Paulo Ribenboim's _The Book of Prime Number Records_ is a treat. 
Today I was dazzled by the section on Euler's totient function,
and repeat here a few results that particularly captured my
imagination.

For every k >= 1, 2.7^k is not a value of Euler's totient function.  
Schnizel [1956]

There exist infinitely may primes p such that for every k>=1,
p.2^k is not a value of Euler's totient function.
Mendelsohn [1976]

For every k>=1, there exists n such that phi(n) = k!.  
Gupta [1950]

This next is wild.  

            phi(n+1)
lim sup ______________  = oo
 n->oo      phi(n)
 
            phi(n+1)
lim inf ______________  = 0
 n->oo      phi(n)
 
Somayajulu [1950]

The set of all numbers phi(n+1)/phi(n) is dense in the set of all
positive real numbers.  

The set of all numbers phi(n+1)/n is dense in (0,1).  
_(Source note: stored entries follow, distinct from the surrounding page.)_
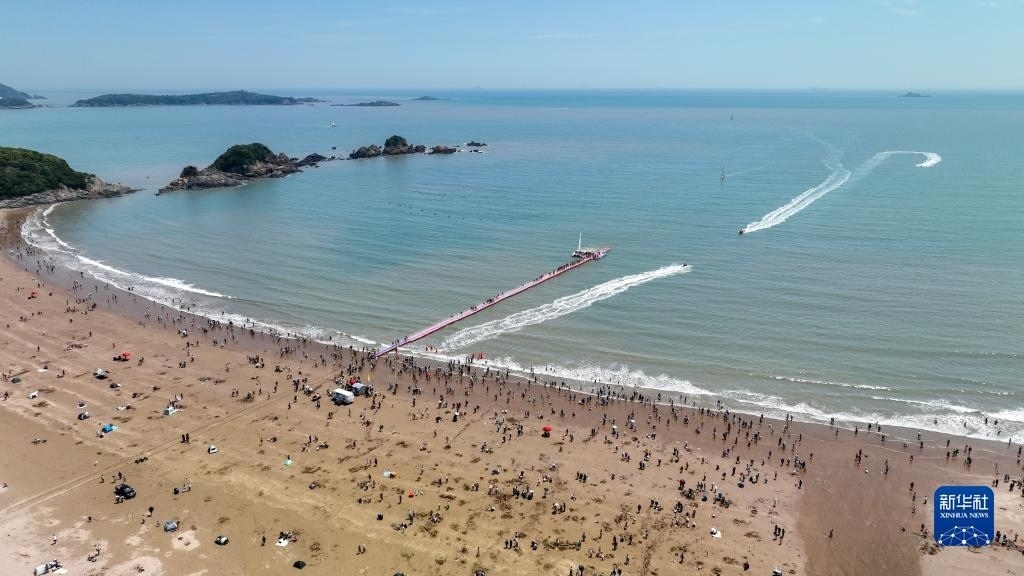 5月2日,游客在浙江省舟山市朱家尖大青山里沙景區(qū)游玩(無(wú)人機(jī)照片)。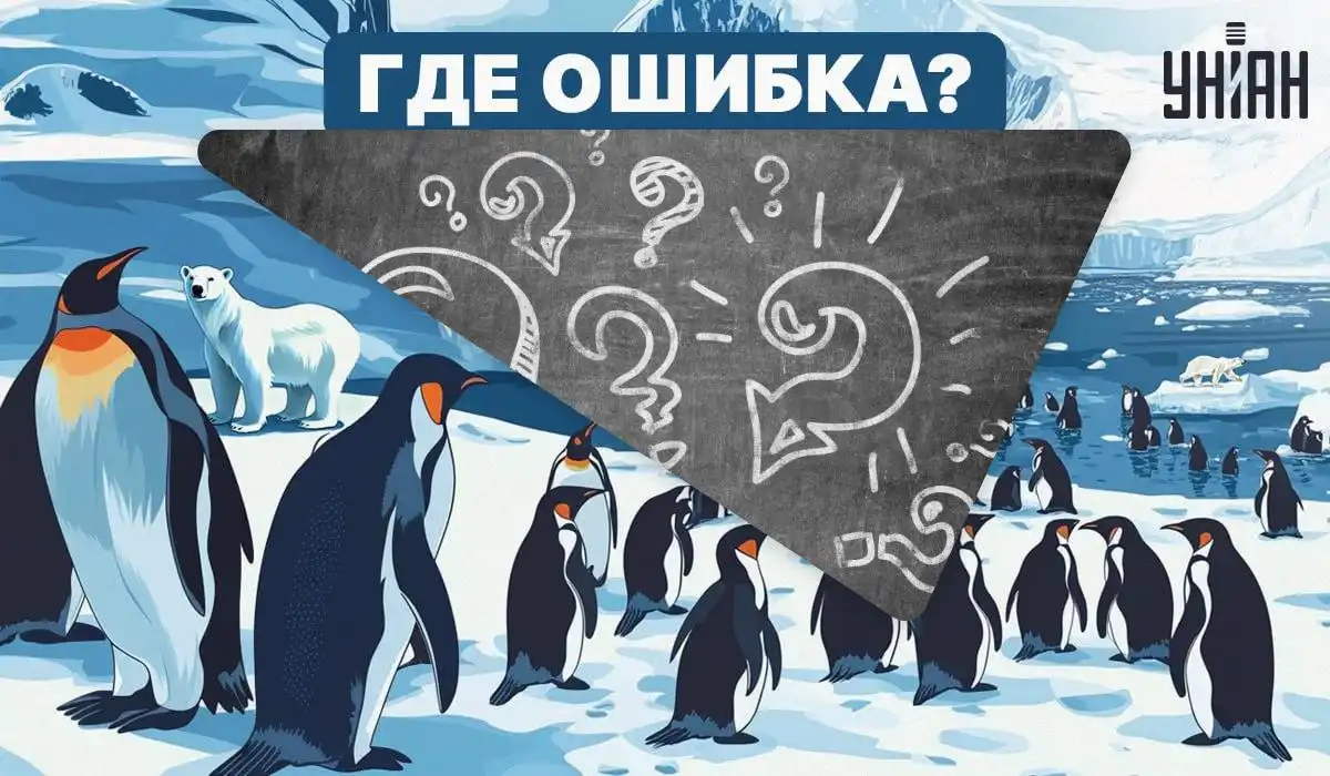 Šiame paveikslėlyje su pingvinais slypi viena didelė geografinė klaida, kurią galima pastebėti tik atidžiai apgalvojant, kur gyvūnai iš tikrųjų gyvena. Pagrindinis raktas – prisiminti, kurie gyvūnai gyvena kuriuose Žemės poliuose.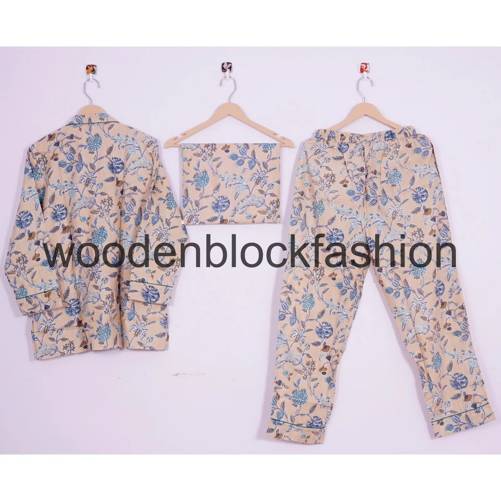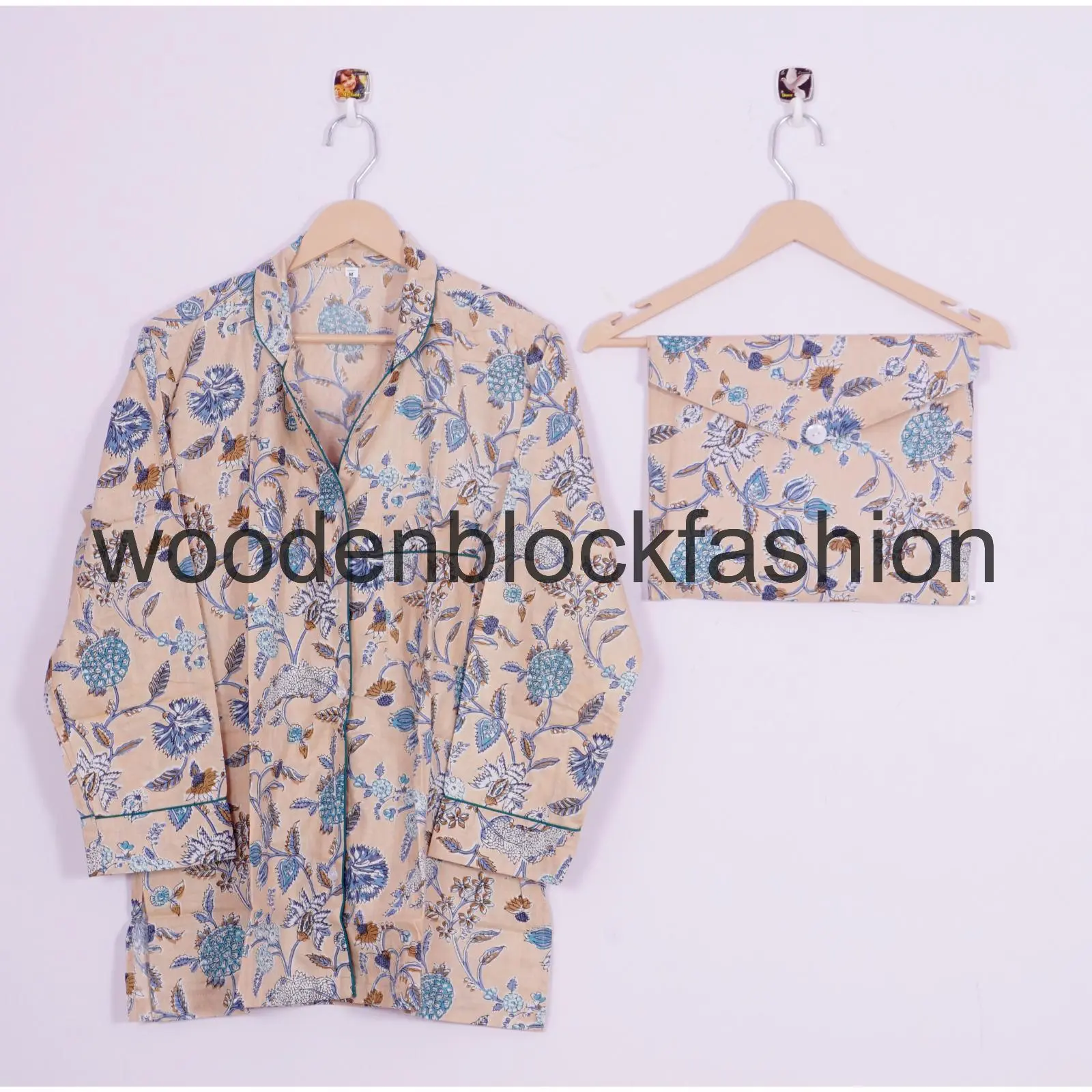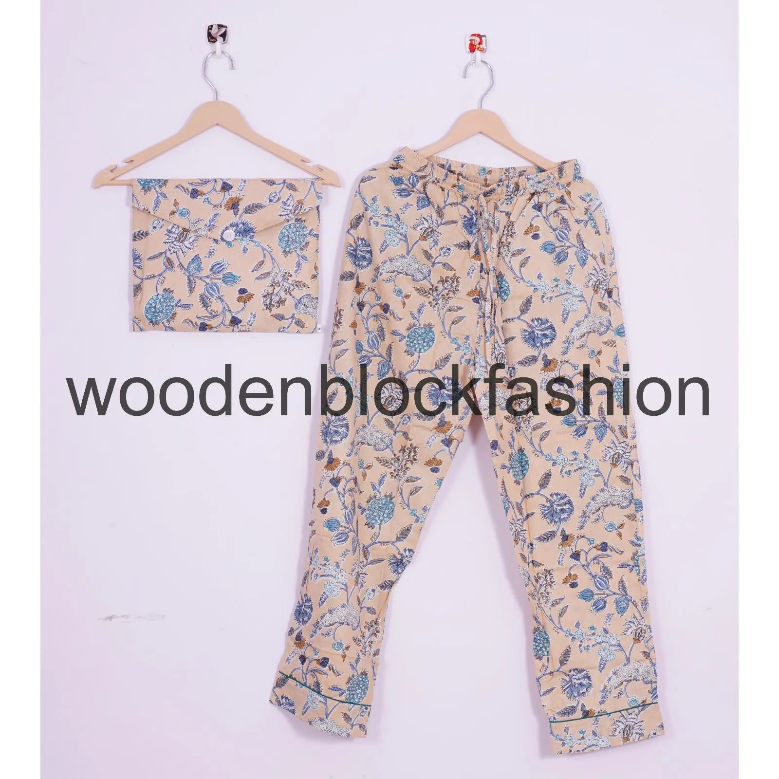 100% Cotton Pajama Set Indian Hand Block Flower Print Night Wear Suit Shirt Payjama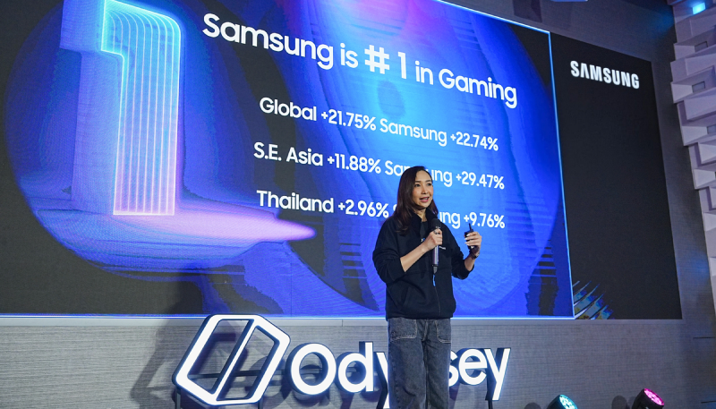 นางสาวอภิรดา พัวพรพงษ์ ผู้อำนวยการกลุ่มธุรกิจผลิตภัณฑ์จอภาพ กล่าวว่า ตลาดจอมอนิเตอร์พรีเมียมในประเทศไทยยังคงมีแนวโน้มเติบโตต่อเนื่อง แม้จะมีการแข่งขันสูง โดยในปีที่ผ่านมา ตลาดภาพรวมในประเทศไทยเติบโตขึ้น 2.96% ขณะที่ซัมซุงสามารถเติบโตได้ถึง 9.76% (ข้อมูลอ้างอิงจาก IDC 2025 Q1) ซึ่งเป็นผลจากความต้องการจอเกมมิ่งที่เพิ่มขึ้นอย่างเห็นได้ชัด ตามการเติบโตของอุตสาหกรรมเกม การสตรีมเกม และการแข่งขันอีสปอร์ตทั้งในไทยและภูมิภาคเอเชียตะวันออกเฉียงใต้ สอดคล้องกับพฤติกรรมผู้บริโภคที่ให้ความสำคัญกับประสบการณ์การเล่นเกมที่สมจริง ทำให้จอเกมมิ่งกลายเป็นส่วนหนึ่งของไลฟ์สไตล์และการแสดงออกถึงตัวตนของผู้ใช้งานยุคใหม่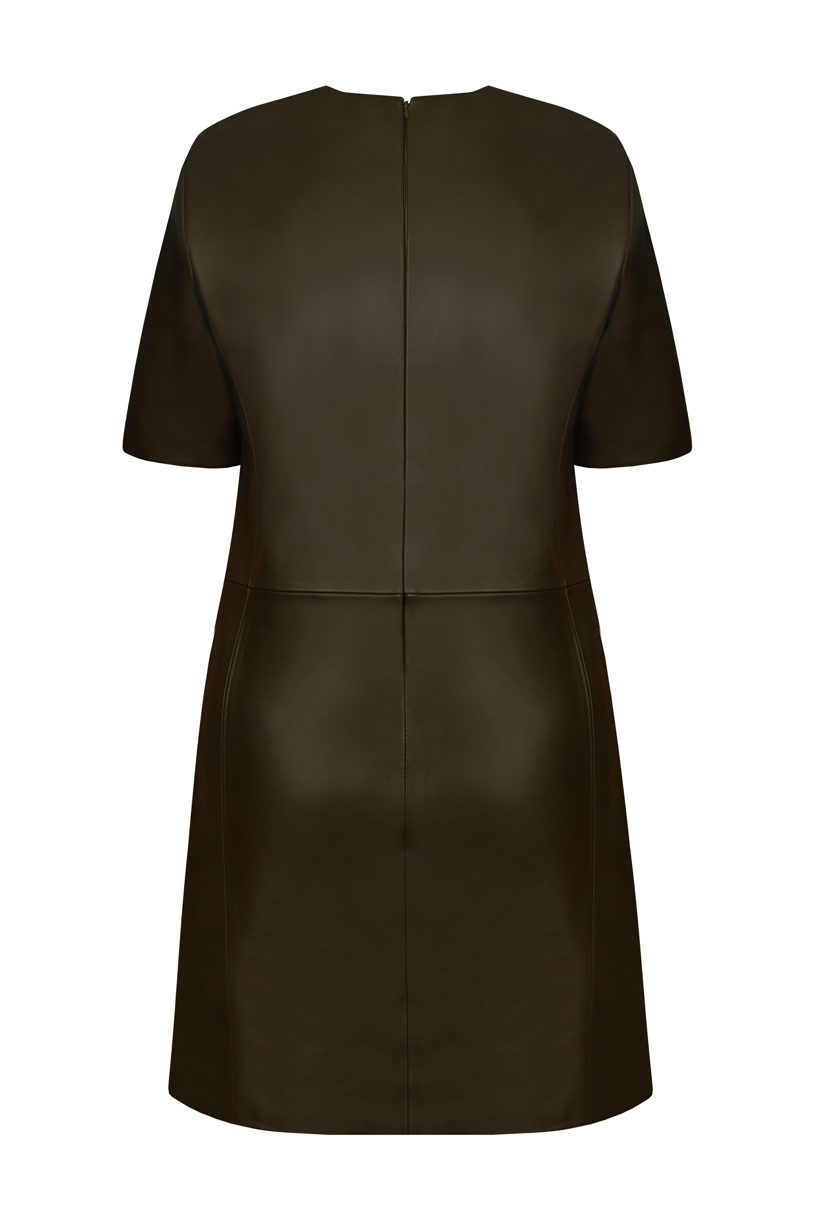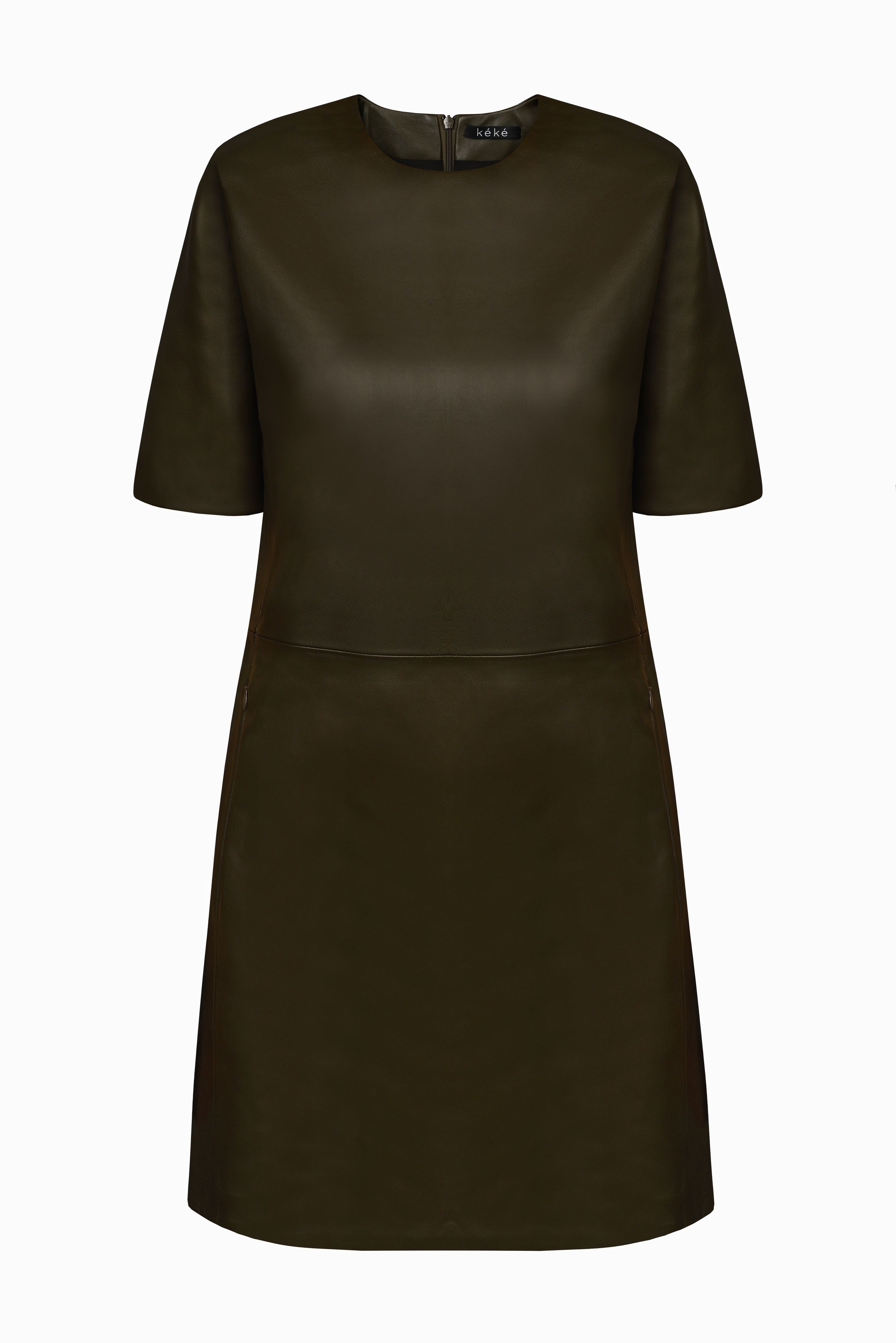 Короткое платье k é k é с приталенный силуэтом, выполненное из натуральной кожи. Застёгивается сзади на молнию. Два прорезных кармана спереди на магнитиках. Подкладка: 55% вискоза, 45% полиэстер.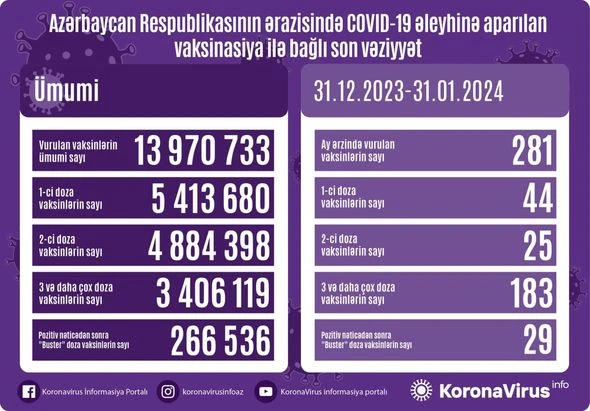 Azərbaycanda son bir ayda (31.12.2023-31.01.2024) koronavirus (COVID-19) əleyhinə 281 vaksin vurulub.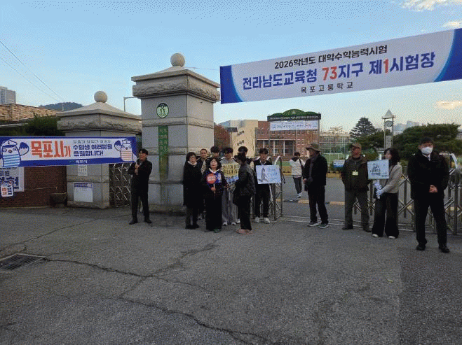 [¹Ìµð¾îÀü³² °í±Ô¼® ±âÀÚ]¸ñÆ÷½Ã´Â 11¿ù 13ÀÏ, 2026Çг⵵ ´ëÇмöÇдɷ½ÃÇèÀ» ¸Â¾Æ ¸ñÆ÷±³À°Áö¿øÃ»°ú ÇÔ²² °ü³» ÁÖ¿ä ½ÃÇèÀå¿¡¼ ÇÕµ¿ ÀÀ¿øÀ» ÆîÃÆ´Ù. À̹ø ÀÀ¿øÀº Áö¿ª ±³À°°øµ¿Ã¼°¡ ÇÔ²² ¼öÇè»ýÀ» °Ý·ÁÇϰí, ¾ÈÀüÇÏ°í ¾ÈÁ¤µÈ ½ÃÇè ȯ¡¦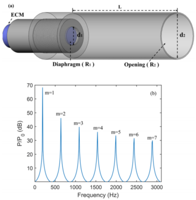 期刊封面圖 在文章中,研究人員提出了一種溫度測(cè)量裝置—聲學(xué)法布里-珀羅諧振器(AFPR),AFPR由駐極體電容傳聲器和聲波導(dǎo)組成,利用環(huán)境白噪聲,在裝置里產(chǎn)生聲學(xué)共振,然后通過(guò)檢測(cè)不同階次的諧振頻率,推算出空氣溫度。這其中的關(guān)鍵在于,諧振頻率和模式階數(shù)之間存在著線(xiàn)性關(guān)系,通過(guò)這條隱藏的 “線(xiàn)索”,可以得到空氣溫度。 另外,考慮到實(shí)際環(huán)境的復(fù)雜性,在實(shí)際測(cè)量時(shí)進(jìn)行誤差補(bǔ)償和頻率響應(yīng)優(yōu)化,提高測(cè)量準(zhǔn)確度。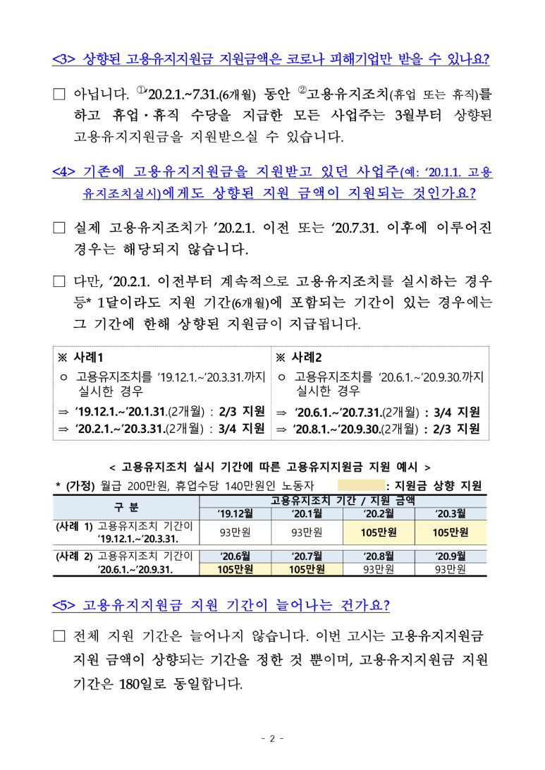 2020년 3월 1일부터 이 고용유지지원금 제도가 달라졌다. 코로나 19 사태로 고용유지지원금 지원금액을 일시적(6개월)으로 상향하는 내용이다. 즉, 2020년 2월 1일~7월 31일 동안 휴업 또는 휴직의 고용유지조치를 하고, 휴업, 휴직 수당을 지급한 모든 사업주에 대한 지원 비율을 상향한다는 내용이다. 최근 이 고용유지지원금 신청이 기하급수적으로 늘어났고, 노동자의 고용안정을 위해 사업주의 부담을 완화해달라는 의견이 많아, 지원금액을 오는 7월 31일까지 지원금액을 상향한다는 것이다. 그럼 3월 1일부터 7월 31일까지 한시적으로 달라진 고용유지지원금 신청방법을 정리해보자.

Schnizel, A.        [1956]  Sur l'equation phi(x) = m.  
                    Elem. Math., 11,1956, 75-78.  
Mendelsohn, N.S.    [1976]  The equation phi(x) = k.  
                    Math. Mag., 49, 1976, 37-39.  
Gupta, H.           [1950]  On a problem of Erdos.  
                    Amer. Math. Montly, 57, 1950, 326-329.  
Somayajulu, B.S.K.R [1950]  On Euler's totient function phi(n).  
                    Math. Student, 18, 1950, 31-32.

-- 
Michael Press